Dodge Cornet SuperBee. I asked my dad, he is 100% certain. I knew it was a Dodge, because of the side scoups. I thought it was a Challenger but I didn't remeber the black decal being on the one at the car show, but I remembered it on another Dodge car, but like you I couldn't remeber the name. That is a beautiful piece of metal.
Charger's aren't Super Bees, Coronets are. Coronets and Chargers have pretty much the same body style but one has a decal and one doesn't. Plus there are differences in the motor and things like that. I really don't know that much about them since I'm more of a Ford and Chevy person. But I do love the Charger, it is a beautiful machine.
Look...my point is, even though the Dodge Super Bee was considered a "stand alone" car (meaning a car unto itself" it still had the same body and trim/options as the Chrager. Under all the paint and fancy decals, in heart and soul, it was a charger as has been acceptably documented as one many tinme over.
Avout a year ago, I had the orgasmic honor of getting to sit behind the wheel of one at a local car show. Along with the huge photo album of before and after pictures, the car had three awards. Best Presentation, Best in Show, and Most Accurate Restoration, and this car was papered, badged and even had matching Vin #s as a Dodge Charger Super Bee. It was even painted Hornet Yellow.
About four years ago I got to park my former '66 Mustang and aile over from another one at a car show. This was another documneted, multiple award winning vehicle also documented and presented as a Dodge Charger Super Bee. However, this one was painted Plum Crazy (a color made famous by the Plymoth 'Cuda though Chevy has used the color on some of their older Camaros as well as others, but the color is so slammin it looked hot on the Super Bee).
I am sure the last thing thisd artist wants is people arguing over what car it is. Neither you nor I drew it, and you can call it whatever you want, but the fact remains that before the body style was retured in 1974 when Dodge retired it (while it was still on top no less ) under all the titles of a stand-alone car, there wouldn't have been a Super Bee without the Chargers body.
What I was trying to say is, that though it looks like a Charger, acts like a Charger, it is more fancy and decorative than the Charger, unless it is the General Lee ( ), that is what I was trying to say. My dad, now this is a 50 year old guy who spent most of his life under the hood of a car, and his buddy Dale, another 50 year old guy who also spent most of his life undet the damn hood, both yelled at me, in whinny voices "It's a Coronet". I agree it does look exactly like a Charger and the guy on the car program said they used the extra bodies and stuff, but I don't argue with stubborn old German men who have wrenchs in their hands and are working on my truck so I can drive it, but all of the people I know call it a Coronet, it looks like a damn Charger! Also another car that looks like a charger is a 'Cuda (I can tell the difference since Charger has a much more powerful engine) but to deaf men like my father, it is up to the younger generation to tell them it is louder or softer. I know most of the cars by heart since my father has taken to millions of cars shows and I can name about 50 of the stupid cars he's owned or wanted over the years, I just knew it was a Dodge.

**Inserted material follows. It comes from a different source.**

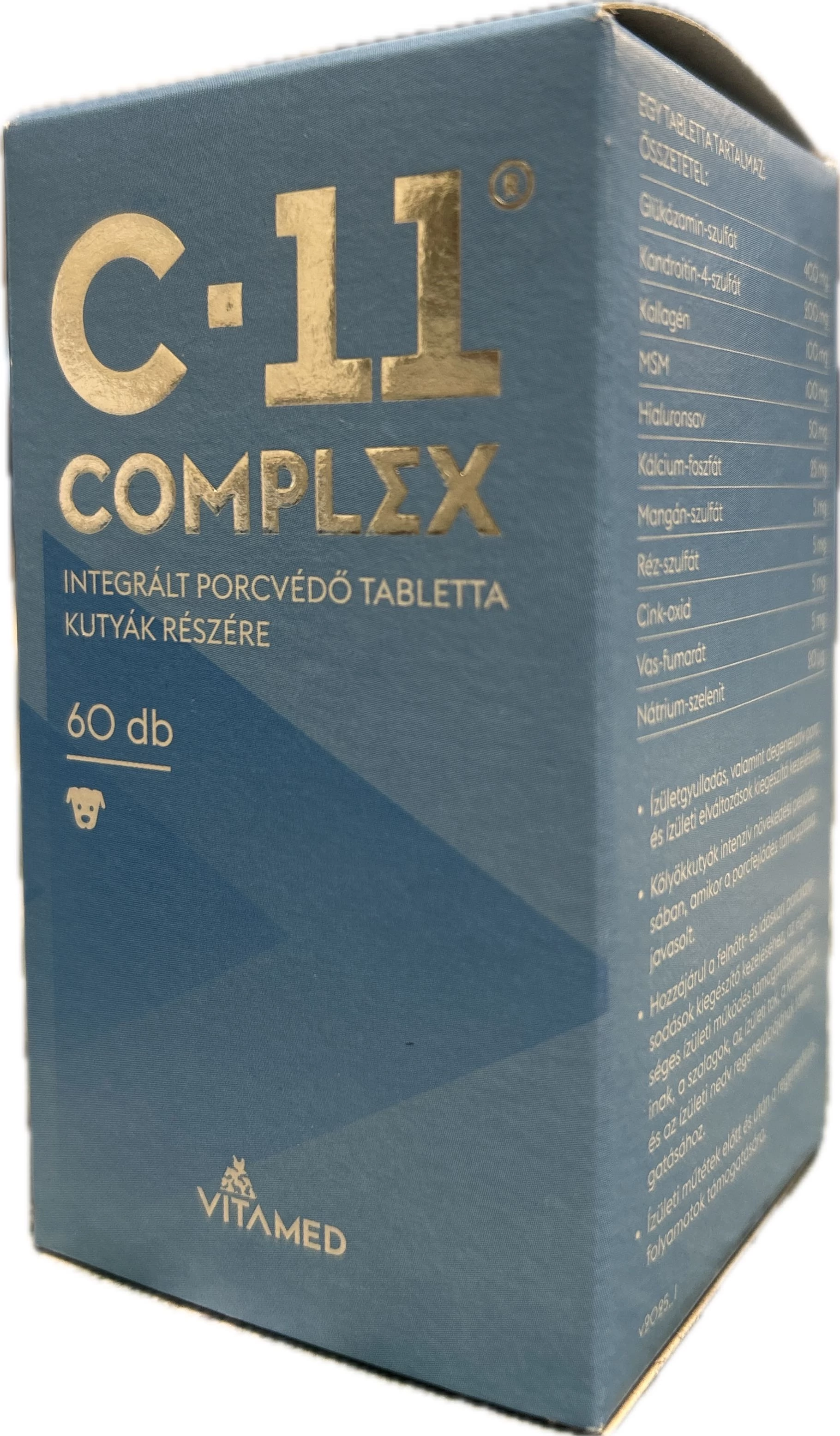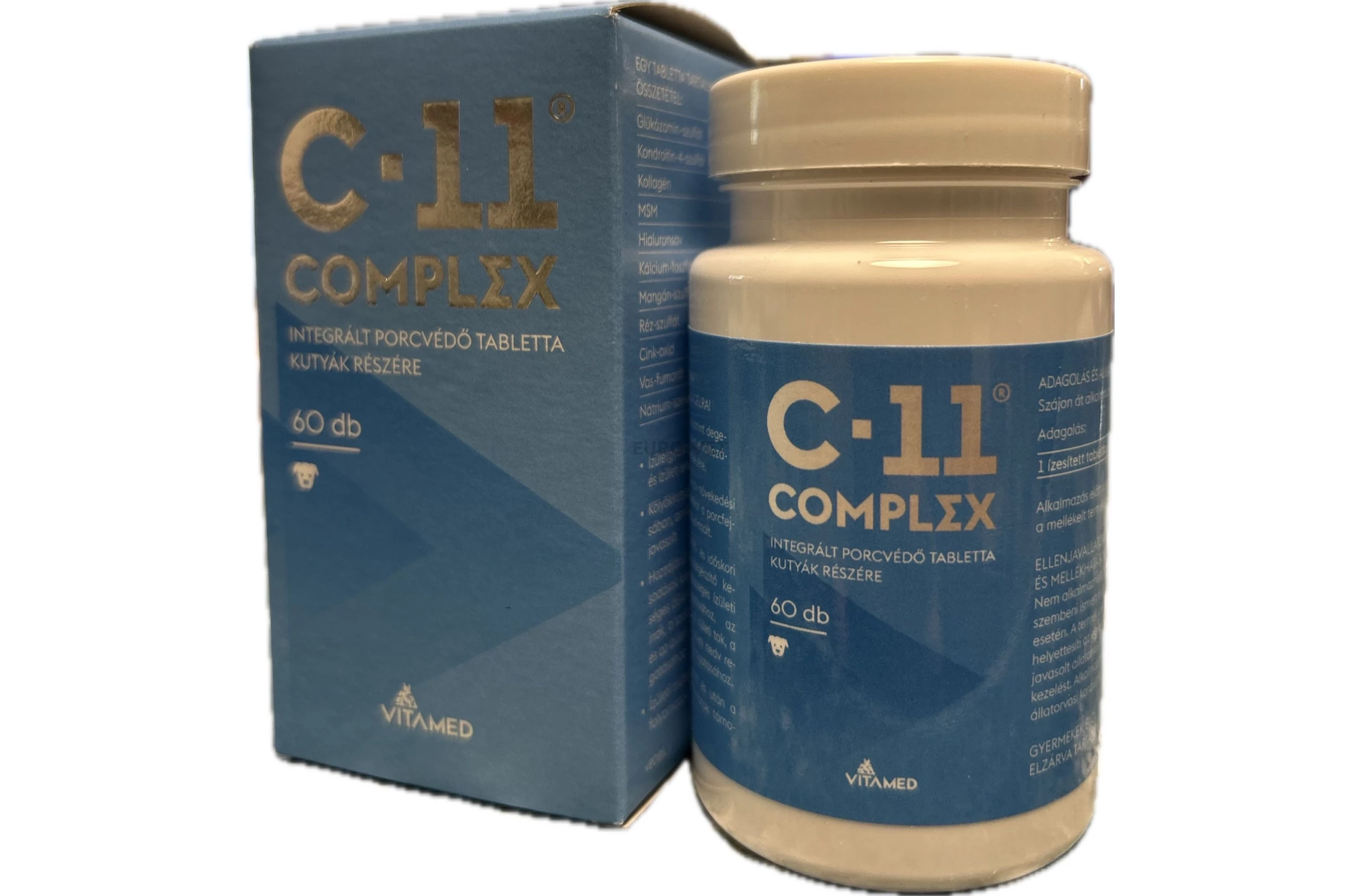 Alkalmazás módja:1 ízesített tabletta 20 testtömeg kilogrammra naponta egyszer.Az alkalmazás első 5 hetében (ún. feltöltési időszak)dupla dózis, azaz 2 tabletta/20 ttkg adása javasolt.A tünetek a C-11 Complex porcvédő első beadásától számított két héten belül enyhülnek, de a kívánt hatás elérése érdekében célszerű a tablettát kúraszerűen,3 hónapon át folyamatosan alkalmazni. Súlyos ízületkárosodás esetén a tabletta folyamatos adagolása javasolt. A tabletta különlegessége a kétrétegű ízesítés.A külső réteg sonka ízű, kellemes illatú, ezért az állatok a legtöbb esetben szívesen elfogyasztják.Beadható kis falatban vagy a táphoz keverve is, ekkor a tabletta belsejéből felszabaduló máj íz válik dominánssá

One thing I have to say, and this has nothing to do with the picture but, I'm mad at Dodge since they ruined the Charger's value and style by putting out the 2006, in my opinion it didn't give it justice, I hope they do better on the Challenger, from the concept car, it looks like a beauty! I hope it is.
Comments: 1971 was the beginning of the end of the musclecar era. While other manufacturer's were decreasing their engine ratings, Chrysler held on as long as it could. The Hemi retained its 425bhp rating while the 440 lost 5bhp to 370bhp and the 440 Six Pack lost 5bhp to 385bhp. The redesigned 1971 Charger lost two inches of wheelbase and gained swoopy Coke bottle styling. It now shared its body with the Dodge Super Bee and was still available in R/T and SE trim. The R/T version was particularly bold with its standard blackout hood, simulated bodyside air extractors, Rallye wheels, tape stripes, and optional front and rear spoilers. The Hemi breathed through an Air Grabber type hood scoop activated by a dashboard switch. A full range of bold colors was available from "Green Go" to "Citron Yella." This body style would last until 1974, but this would prove to be the last year for the 426 Hemi. Rather than see the Hemi strangled by emissions standards, Chrysler decided to retire it when it was still on top.